- Born: Pamela Parker 1943 (age 82–83) Pennsylvania, United States
- Other names: Pamela Allen; Chude Pam Parker Allen
- Education: Carleton College
- Occupation: Activist
- Spouse: Robert L. Allen ​ ​(m. 1965, divorced)​

= Chude Pam Allen =

American activist (born 1943)

Chude Pamela Parker Allen (born 1943) is an American activist of the civil rights movement and women's liberation movement. She was a founder of New York Radical Women.

==Education and civil rights movement activism==
Pamela Parker was born in Pennsylvania in 1943. She grew up Episcopalian and lived in Solebury, Pennsylvania. Her mother was a nursery school teacher and her father worked as a manager in a rubber goods factory.

Allen attended Carleton College in Northfield, Minnesota, where she studied religion. She joined the Students for a Democratic Society. During the summer of 1963, she was a counselor at the Church of the Advocate in Philadelphia, where she lived with Paul Washington, the church's African-American rector, and his family. In her junior year, she was one of 13 white exchange students at the Spelman College in Spring 1964. There she attended a seminar on nonviolence conducted by Staughton Lynd and became involved with the Committee on Appeal for Human Rights. She volunteered as a Freedom School teacher in Holly Springs, Mississippi, for Freedom Summer. During her time in Mississippi, Allen was romantically involved with Ralph Featherstone, a black Freedom Summer organizer.

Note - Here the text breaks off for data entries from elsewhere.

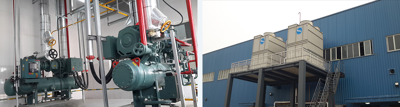 一座單層鋼結(jié)構(gòu)冷庫(kù)。本項(xiàng)目為固定貨架裝配式冷庫(kù),采用封閉式降溫穿堂(3±2°C)。1號(hào)、2號(hào)冷庫(kù)庫(kù)溫-18°C~-22°C,存儲(chǔ)6014噸。3號(hào)冷庫(kù)庫(kù)溫5°C,容量為229噸。降溫穿堂溫度為3±2°C。采用氨(R717)制冷系統(tǒng),末端吊頂式冷風(fēng)機(jī),手指令自動(dòng)熱氨融霜。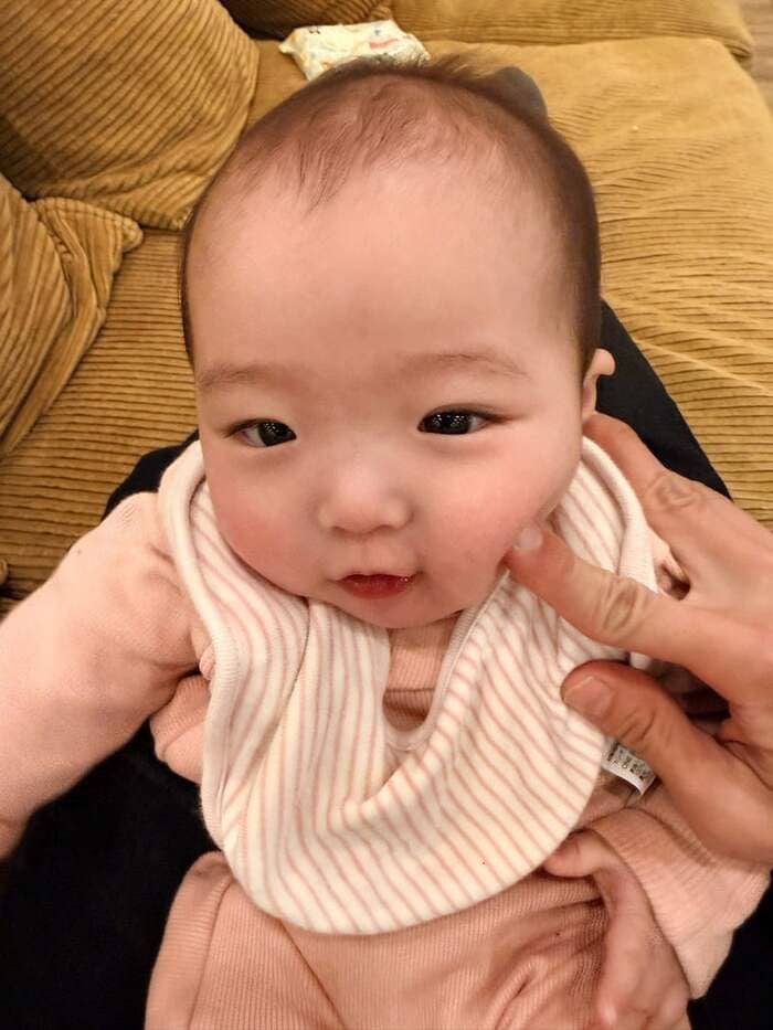 そこには、杉浦さんの膝の上にあお向けの状態で抱かれた夢空ちゃんの姿が。夢空ちゃんは目をぱっちりあけ、ほんのり口を開けてカメラを見つめていて、ほっぺは今にもこぼれ落ちそうなほどぷくぷく!杉浦さんはそのほっぺをちょん!と指で触っています。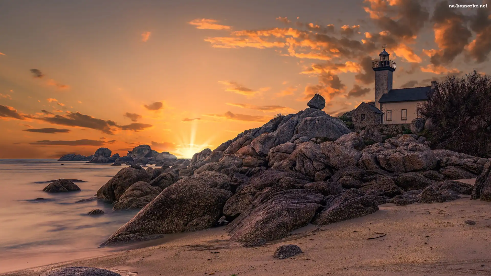 Latarnia morska, Brignogan-Plage, Francja, Phare de Pontusval, Skały, Zachód słońca, Chmury na Komórkę |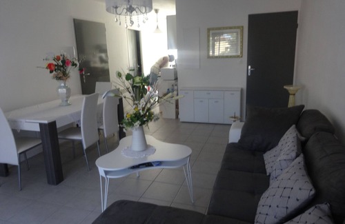 In modern secure residence capacity 4 people, nice apartment, all comfort type T2 on the ground floor with large terrace. Entrance to large living room and open kitchen: table with 4 chairs, sofa 5 seats convertible sofa, coffee table, TV cabinet, television 80 cm, Covered terrace with 1 table and 4 chairs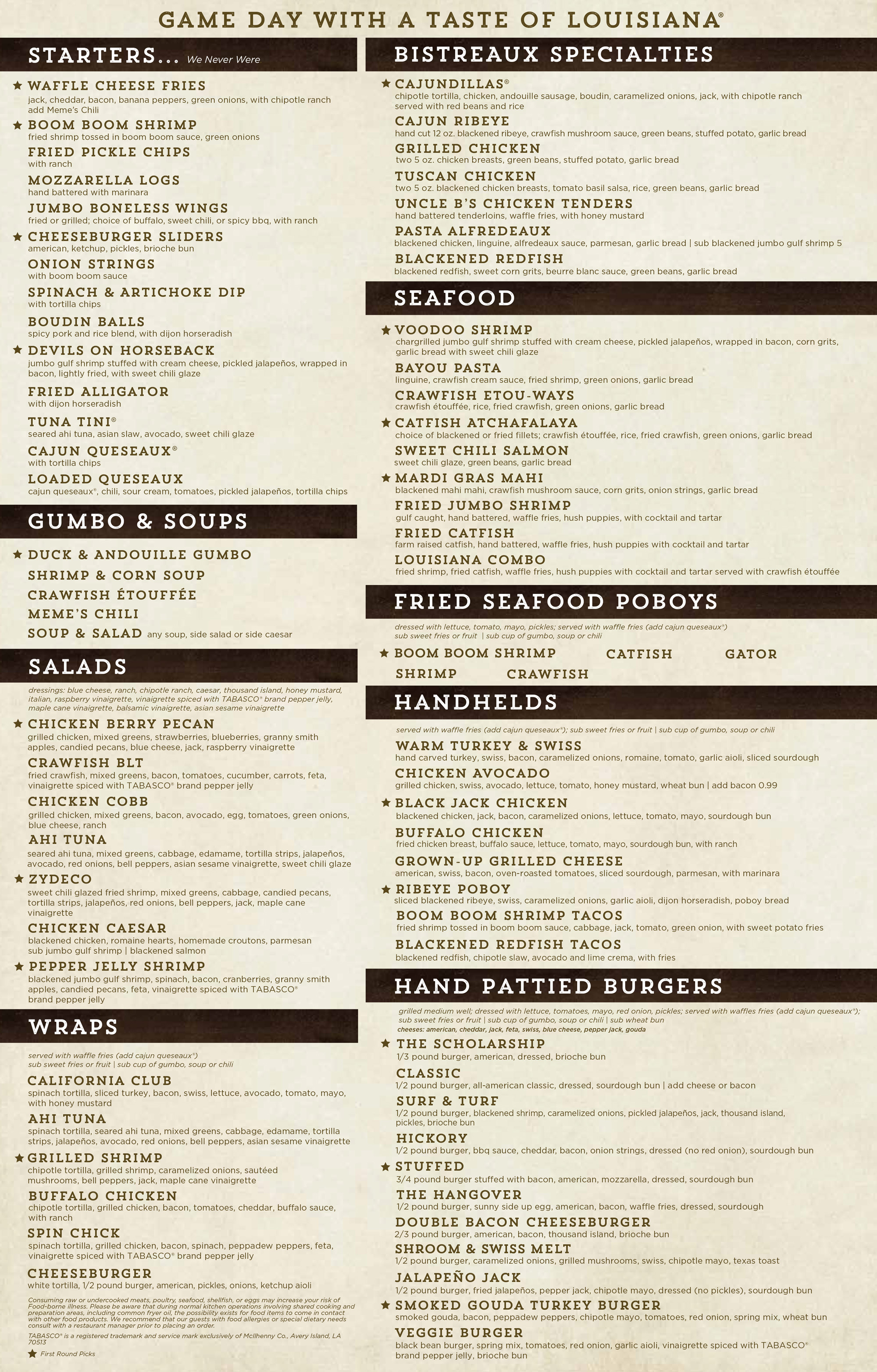 Walk-On’s Bistreaux and Bar is described as a restaurant that offers a game-day atmosphere with southern hospitality featuring menu items made from scratch using fresh ingredients.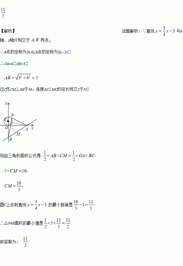 如图,已知直线与x轴、y轴分别交于A、B两点,P是以C(0,1)为圆心,1为半径的圆上一动点,连结PA、PB.则△PAB面积的最小值是__________.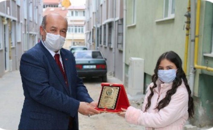 Korona virüs (Covid-19) tedbirleri gözetilerek öğrencilere ödülleri evlerinin önünde verildi.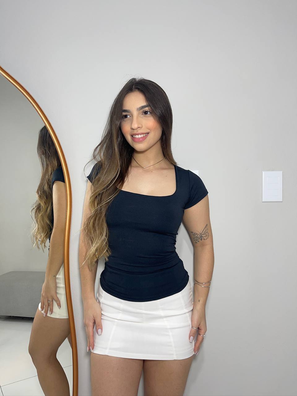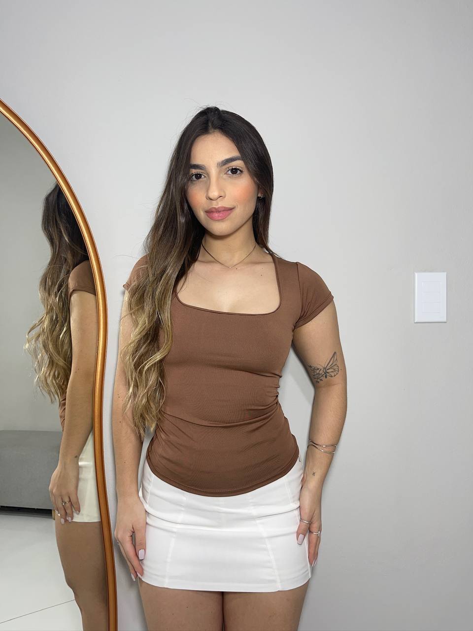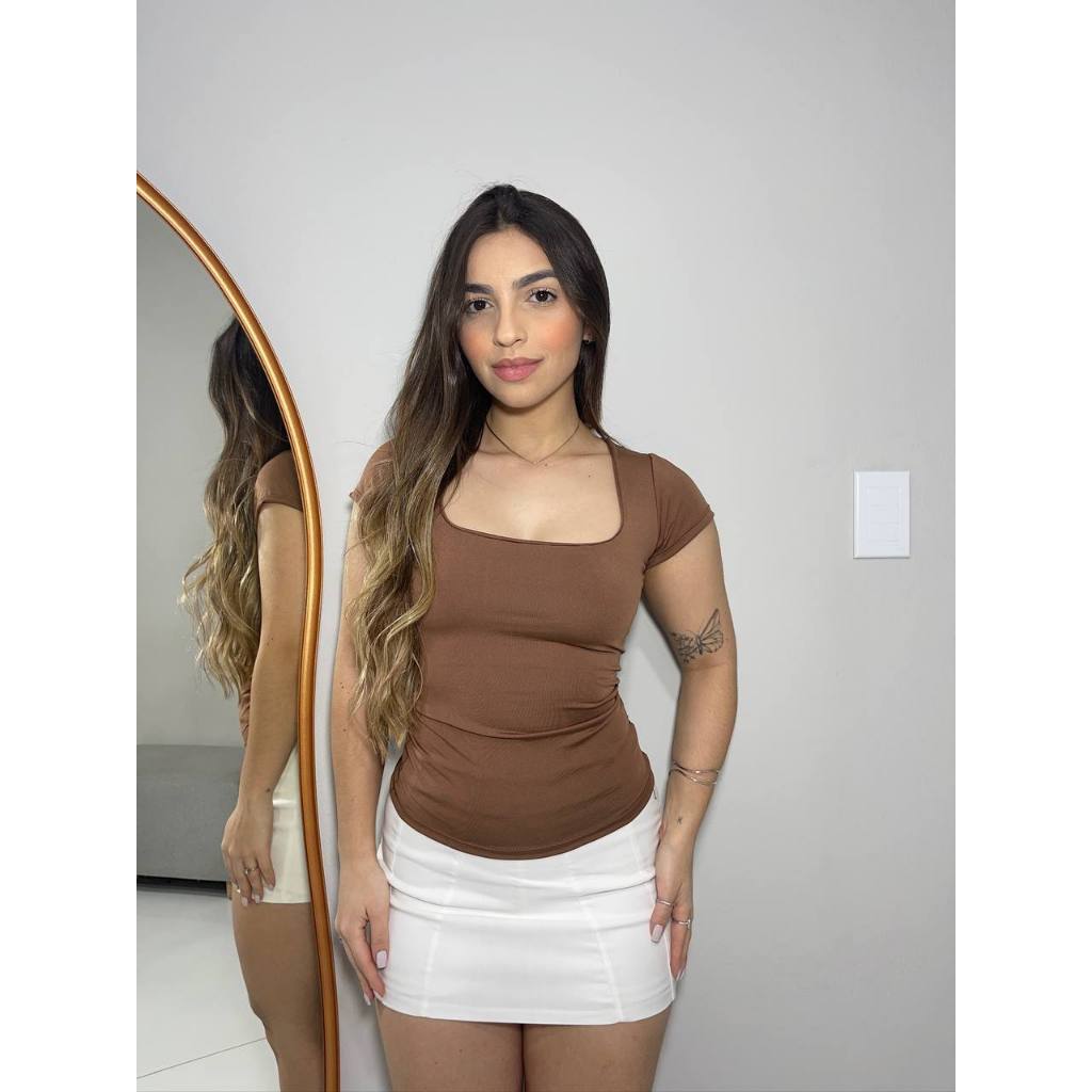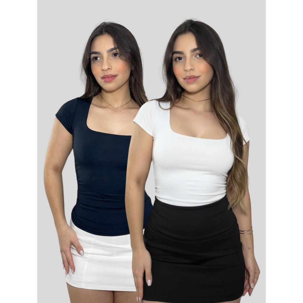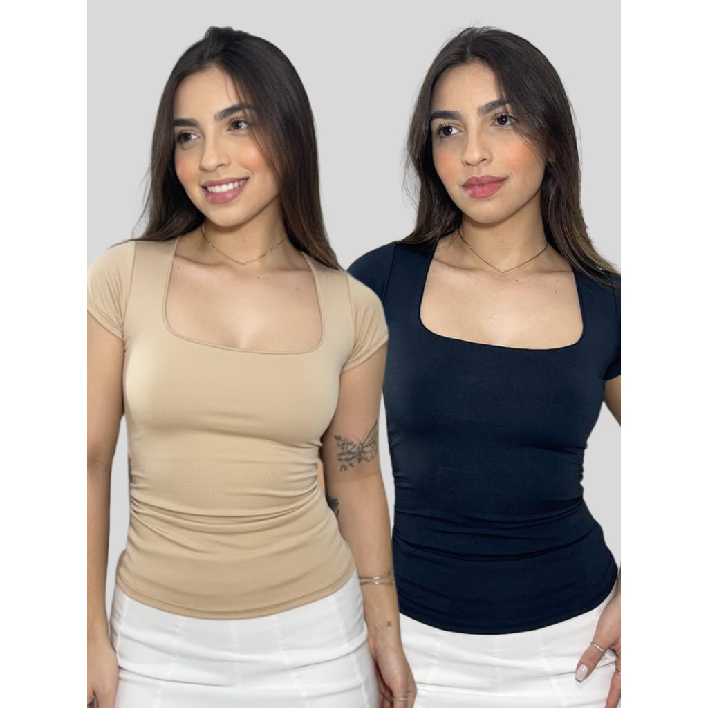 Blusa Moda Feminina Decote Quadrada Básica Regata Blusinha Casual Manga Curta Premium Ana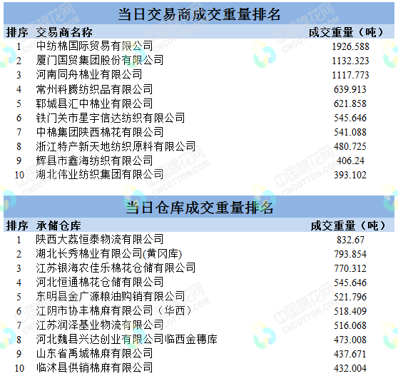 當日地產棉成交5277.935噸,成交率29.36%,成交均價13930元/噸,平均加價99元/噸;新疆棉12022.971噸,成交率100%,成交均價14384元/噸,平均加價601元/噸。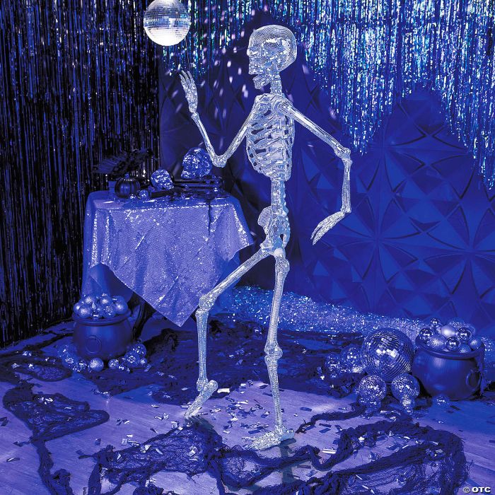 Bring on the sparkle in a haunted house setup, photo booth display or entryway decorations with this posable, disco skeleton.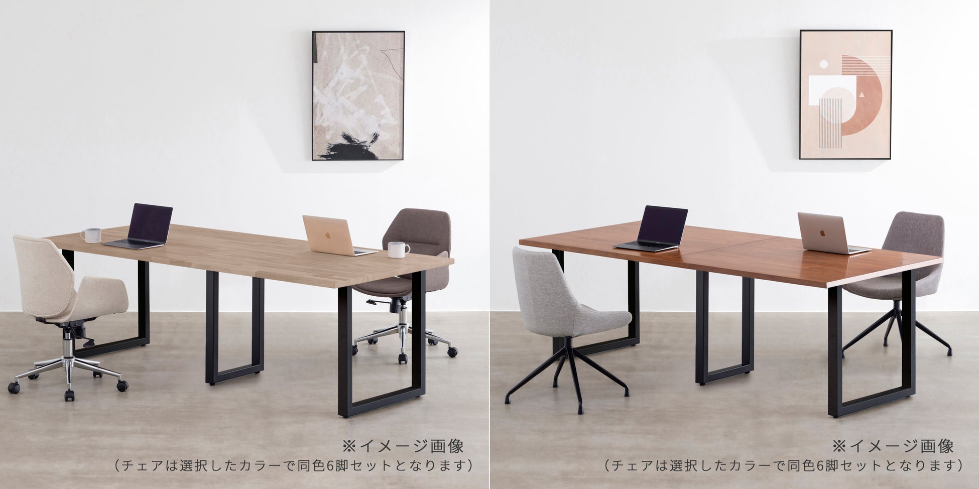 大型デスクと厳選したチェアを組み合わせたミーティングテーブルセット。取り入れやすい素材や色味をセレクトし、単品購入よりもお得な価格で提供することで洗練されたオフィス空間をより身近に。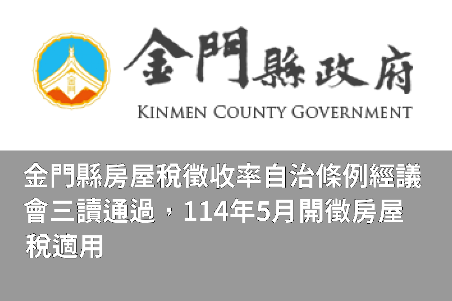 配合房屋稅條例修正,金門縣房屋稅徵收率自治條例修正案,經金門縣議會於113年12月25日三讀通過,修正內容係依照財政部公告之稅率級距及全國單一自住房屋現值一定金額基準修訂,朔自113年7月1日起施行,將在114年5月開徵之房屋稅適用。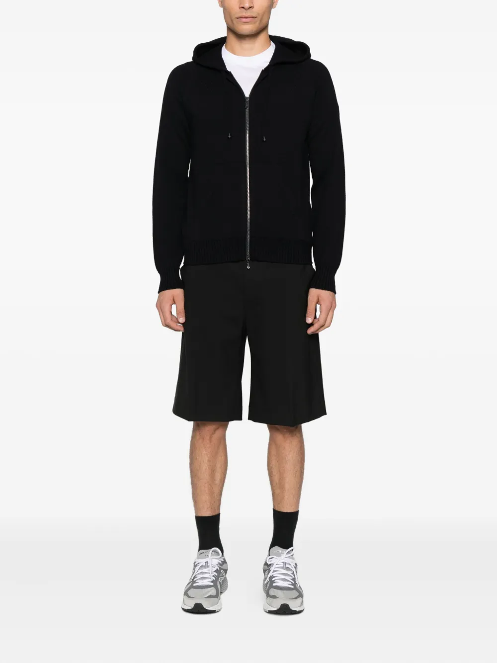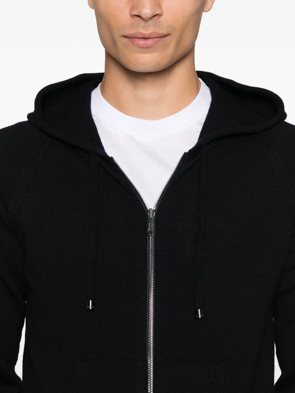 Темно-синяя мериносовая шерсть, ребристые манжеты и подол, капюшон, длинные рукава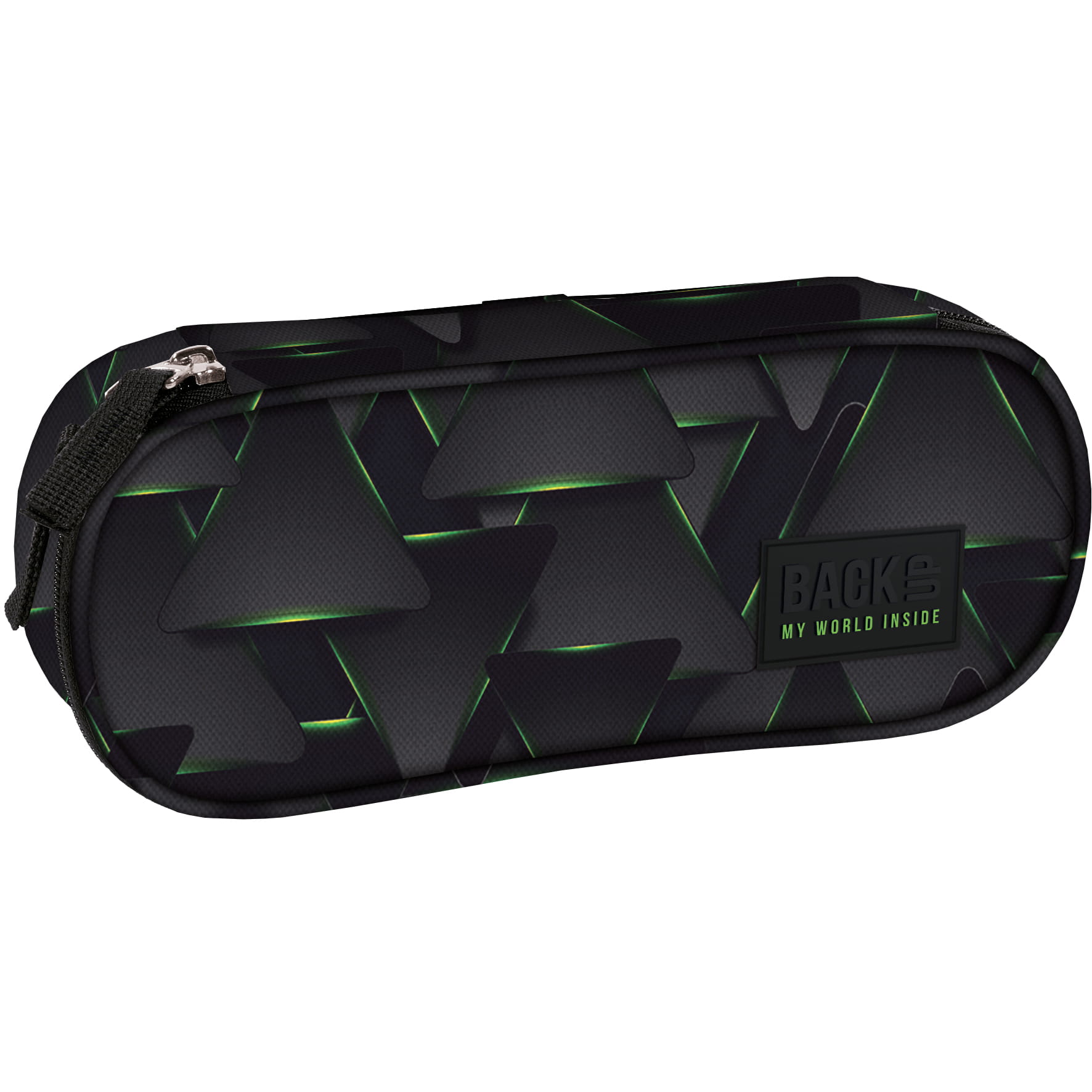 Trójkątne kształty w odcieniach grafitu i czerni, spod których krawędzi wyłania się łuna cybernetycznej, świetlistej zieleni. Ciemne dodaki w postaci suwaków i zamków dodają elegancji. Minimalistyczny a zarazem przyciągający wzrok. To piórnik młodzieżowy dla tych, dla których w modzie liczą się detale.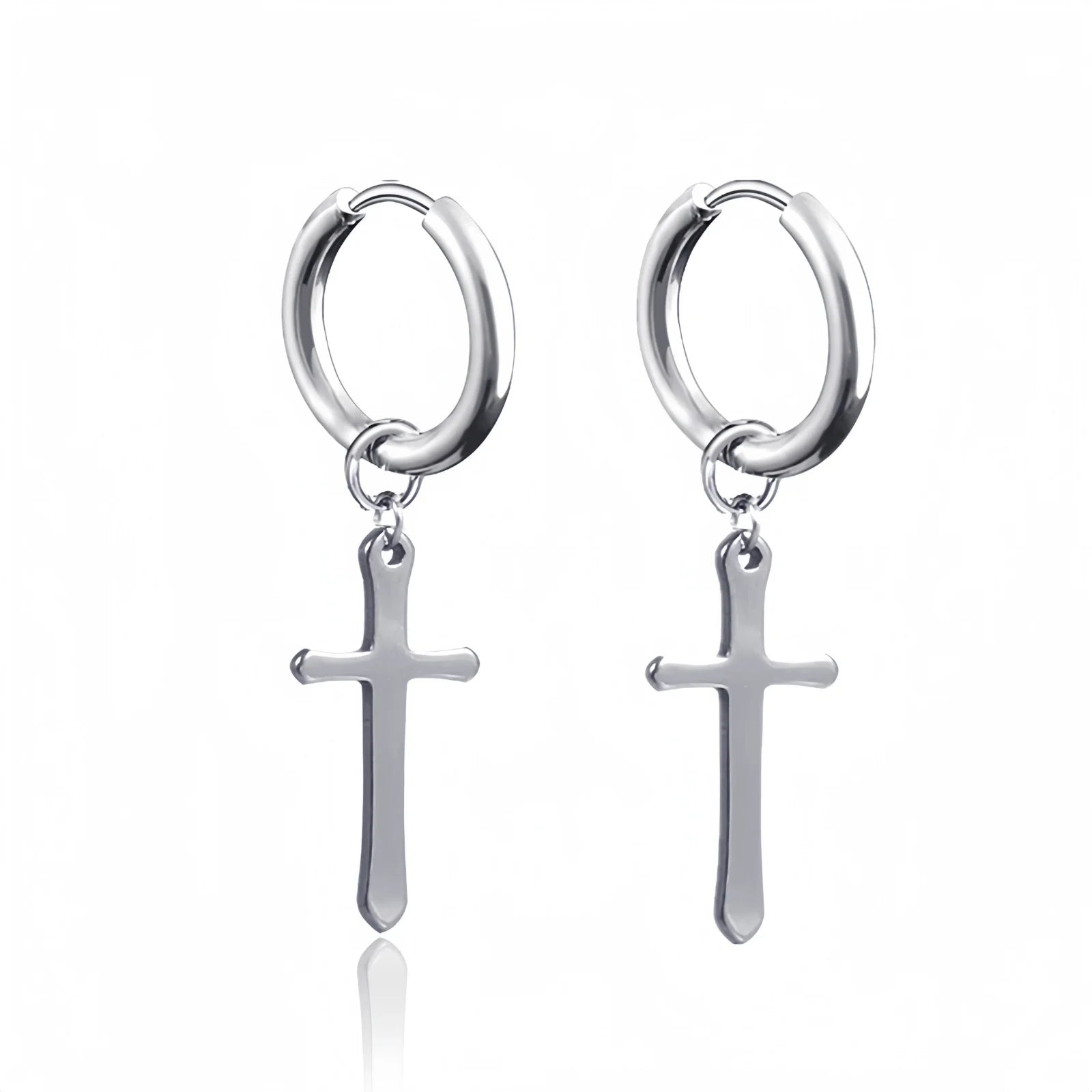 Long Hanging Crosses Leaves Pendants Hoops Woman Earrings Man Vintage Stainless steel Hip Hop Ear Piercing Jewelry Accessories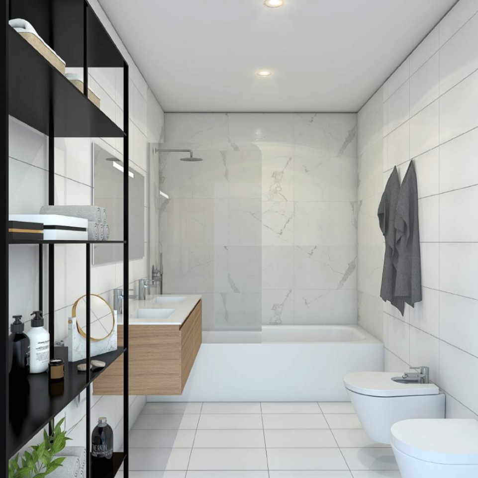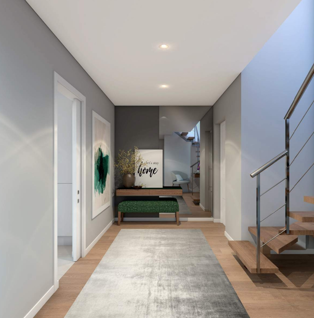 Os interiores desliguem-se pelo design elegante: pavimentos flutuantes, cozinhas equipadas com eletrodomésticos de alta gama encastoados e bancadas em silestone, casas de banho com louças suspensas e torneiras da marca grohe, e climatização através de ar condicionado.

During her senior year, she was an activist on campus and spoke for the Student Nonviolent Coordinating Committee. She married African-American activist Robert L. Allen in 1965. Following her graduation from Carleton, she moved to New York City, where she worked at an agency that found homes for foster children.

==Women's liberation movement==
Allen was a key activist in the white women's liberation movement and she advocated for greater attention to be given to racism within the movement. She co-founded New York Radical Women in 1967. The group planned the Jeannette Rankin Brigade action. Allen later left the group, criticizing their views of motherhood and rejection of traditional roles for women. She worked for The Guardian in early 1968. She moved to San Francisco, where she joined the feminist group Sudsofloppen. Based on her experiences with the group, she wrote the influential pamphlet Free Space: A Perspective on the Small Group in Women's Liberation, in which she outlined a four-stage method of consciousness raising. The work was influenced by humanistic psychology.

She was editor for the newspaper of the Union Women's Alliance to Gain Equality (Union WAGE). She was also involved with the Bridal Fair action of 1969, the Miss America protest, and International Women's Day.

She changed her name from Pamela Allen to Chude Pamela Allen.

Allen collaborated with her first husband Robert L. Allen on the 1974 book Reluctant Reformers: Racism and Social Reform Movements in the United States. She also writes poetry and has drafted two plays, The Uprising of the 20,000 and Could We Be Heard.

Allen is featured in the 2014 feminist history film She's Beautiful When She's Angry.

Allen is a member of the Bay Area Veterans of the Civil Rights Movement. She lives in San Francisco.